Exercise objective -> Using the data below, return word for word every line from the one holding "2차 특검 회의론: 이미" down to the one holding "Available in two". Leave pictures out.

Input data ->
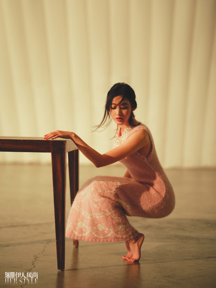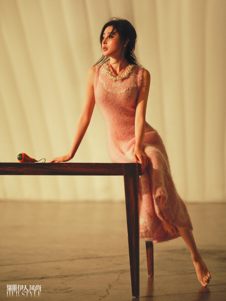 粉色针织无袖长裙裹着倚桌而立的身形,柔粉纱质在暖光里晕出朦胧的甜意,赤脚踩在地面的姿态舒展又娇柔,眉眼间的柔媚在暖调光影里愈发动人。
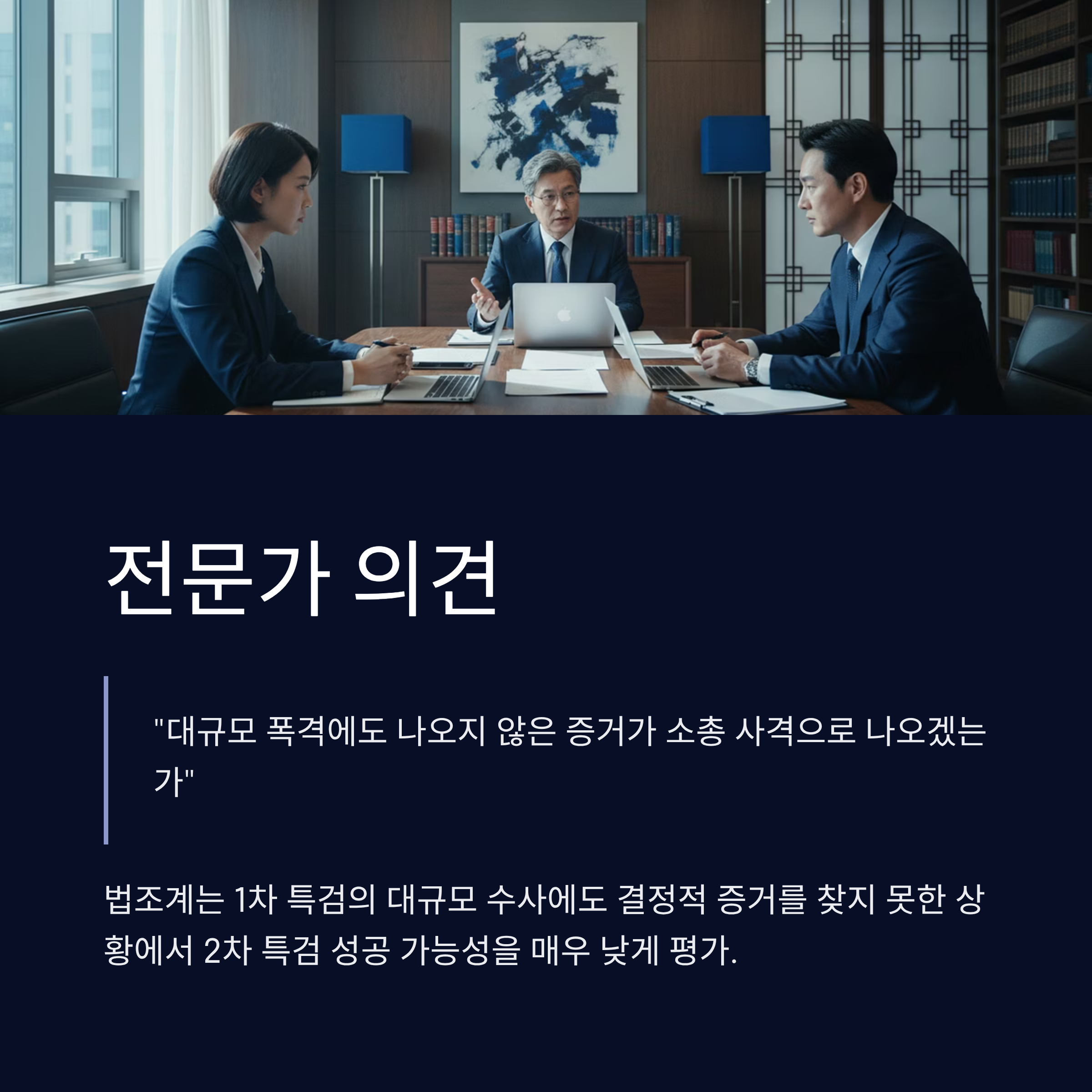 2차 특검 회의론: 이미 1차에서 먼지 털기식 수사로 증거가 고갈된 상태에서, 동일 사안에 대한 2차 특검은 정치적 구호에 불과하다는 지적이 많습니다.
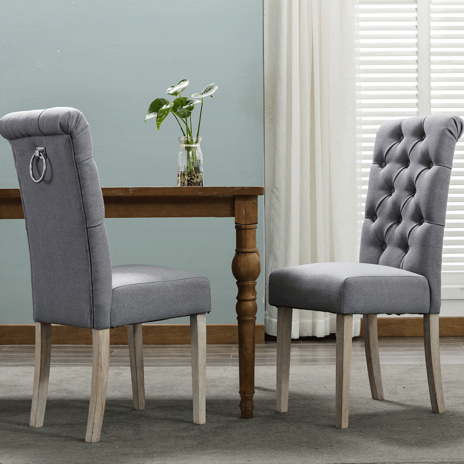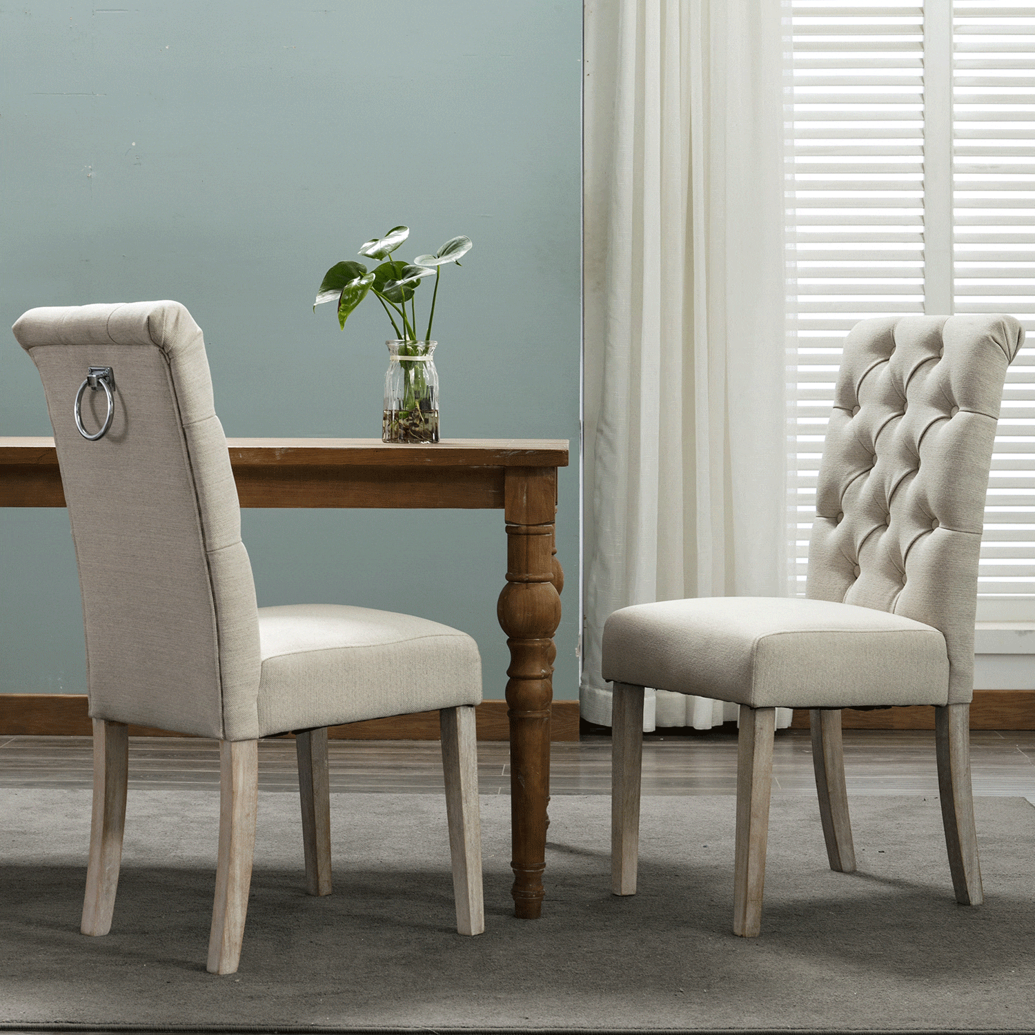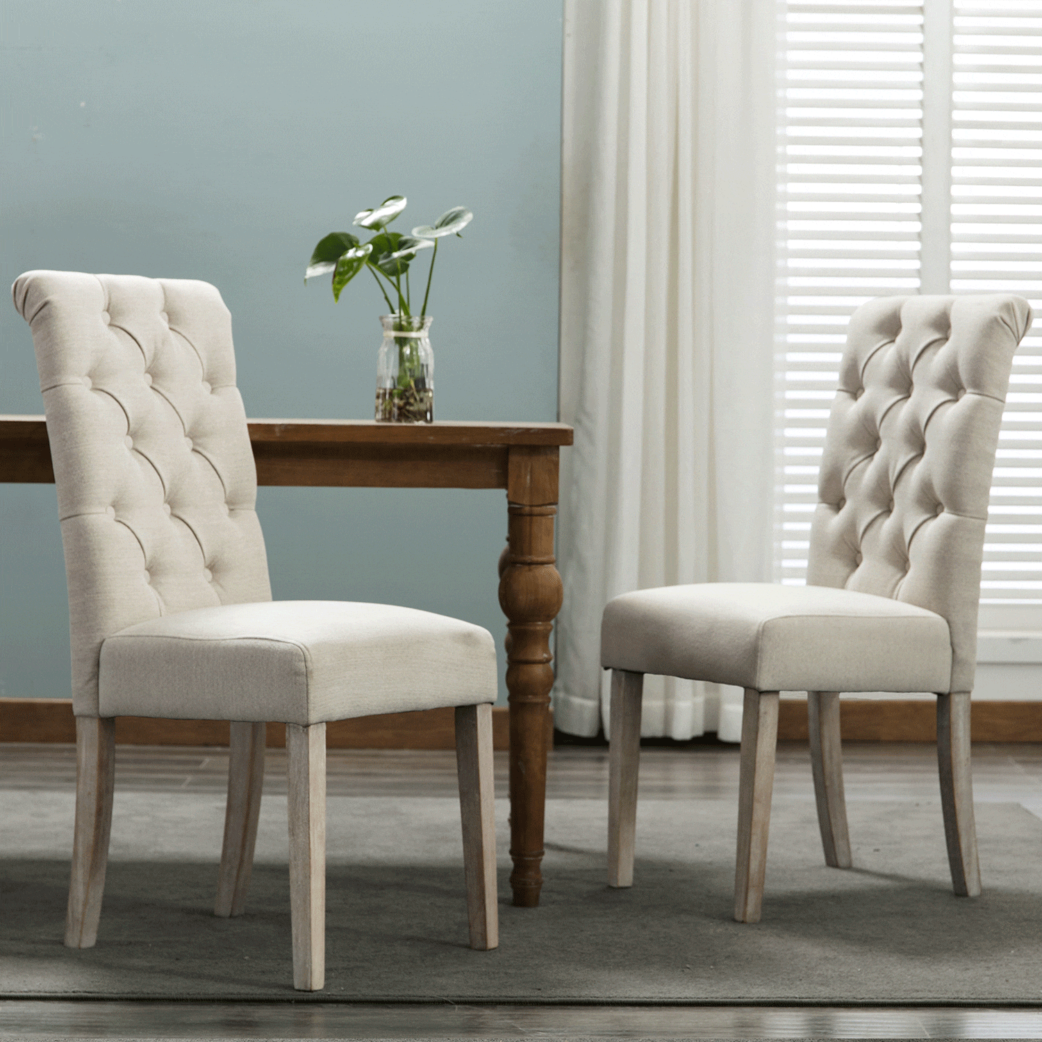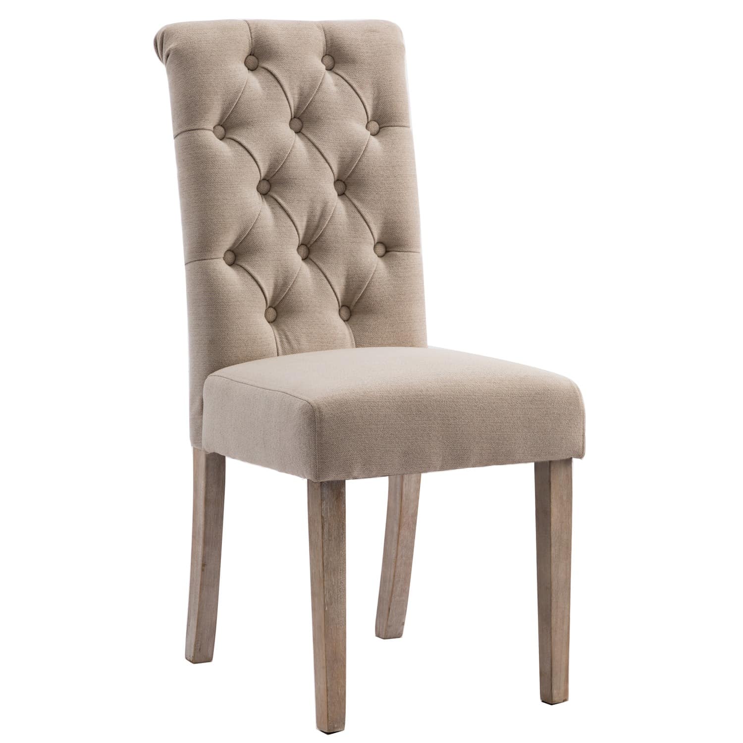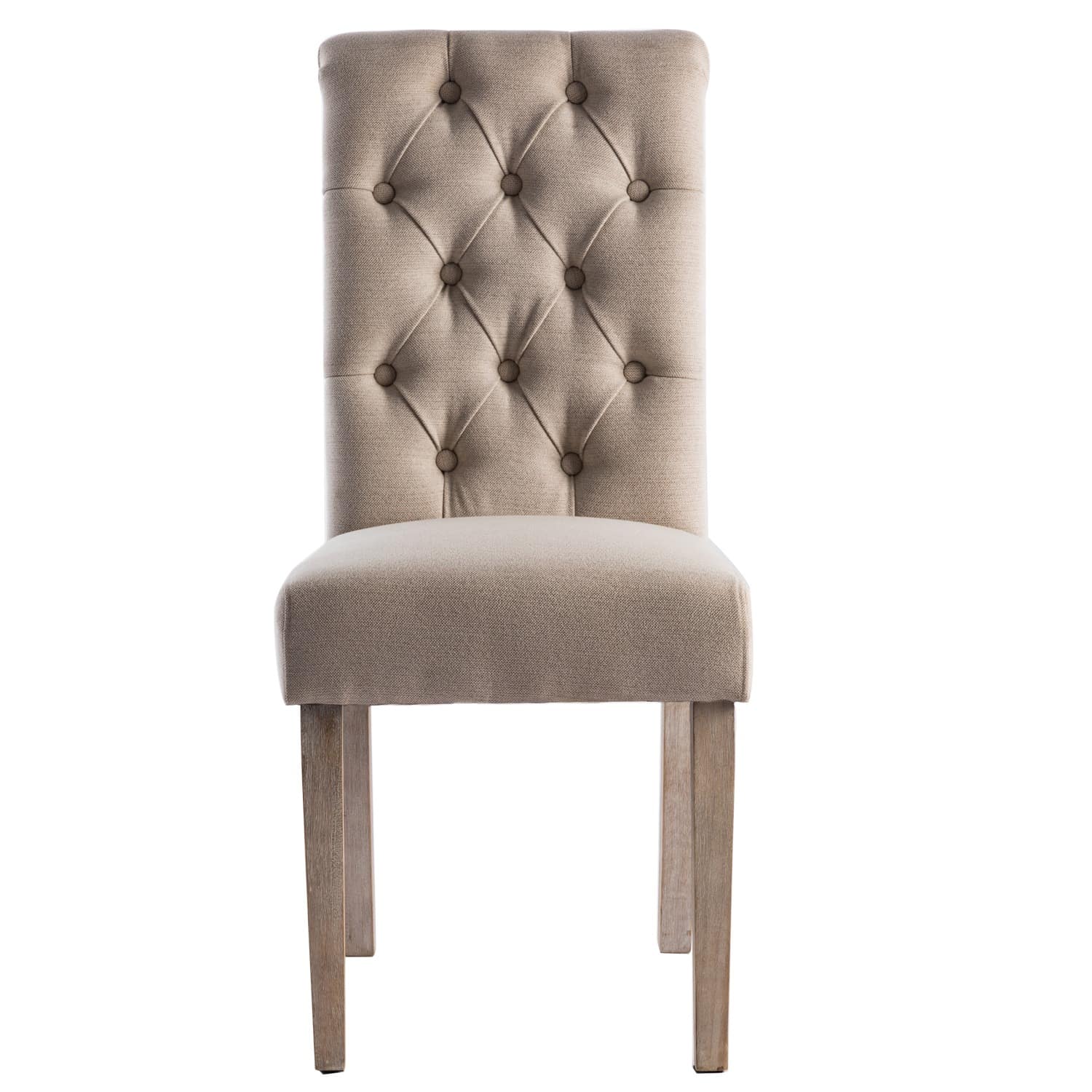 Available in two finishes; beige and gray. Comes as a set of 2. Upholstered and tufted backrest. Made with rubberwood and polyester.
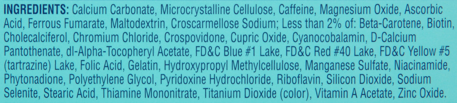 Calcium Carbonate, Microcrystalline Cellulose, Caffeine, Magnesium Oxide, Ascorbic Acid, Ferrous Fumarate, Guarana Seed Powder, Crospovidone; Less than 2% of: Beta-Carotene, Biotin, Cholecalciferol, Chromium Chloride, Croscarmellose Sodium, Cupric Oxide, Cyanocobalamin, D-Calcium Pantothenate, dl-Alpha-Tocopheryl Acetate, FD&C Blue #1 Lake, FD&C Red #40 Lake, FD&C Yellow #5 (tartrazine) Lake, Folic Acid, Hydroxypropyl Methylcellulose, Manganese Sulfate, Niacinamide, Phytonadione, Polyethylene Glycol, Pyridoxine Hydrochloride, Riboflavin, Silicon Dioxide, Sodium Selenite, Stearic Acid, Thiamine Mononitrate, Titanium Dioxide (color), Vitamin A Acetate, Zinc Oxide./div>

Problem solution ->
 2차 특검 회의론: 이미 1차에서 먼지 털기식 수사로 증거가 고갈된 상태에서, 동일 사안에 대한 2차 특검은 정치적 구호에 불과하다는 지적이 많습니다.
 Available in two finishes; beige and gray. Comes as a set of 2. Upholstered and tufted backrest. Made with rubberwood and polyester.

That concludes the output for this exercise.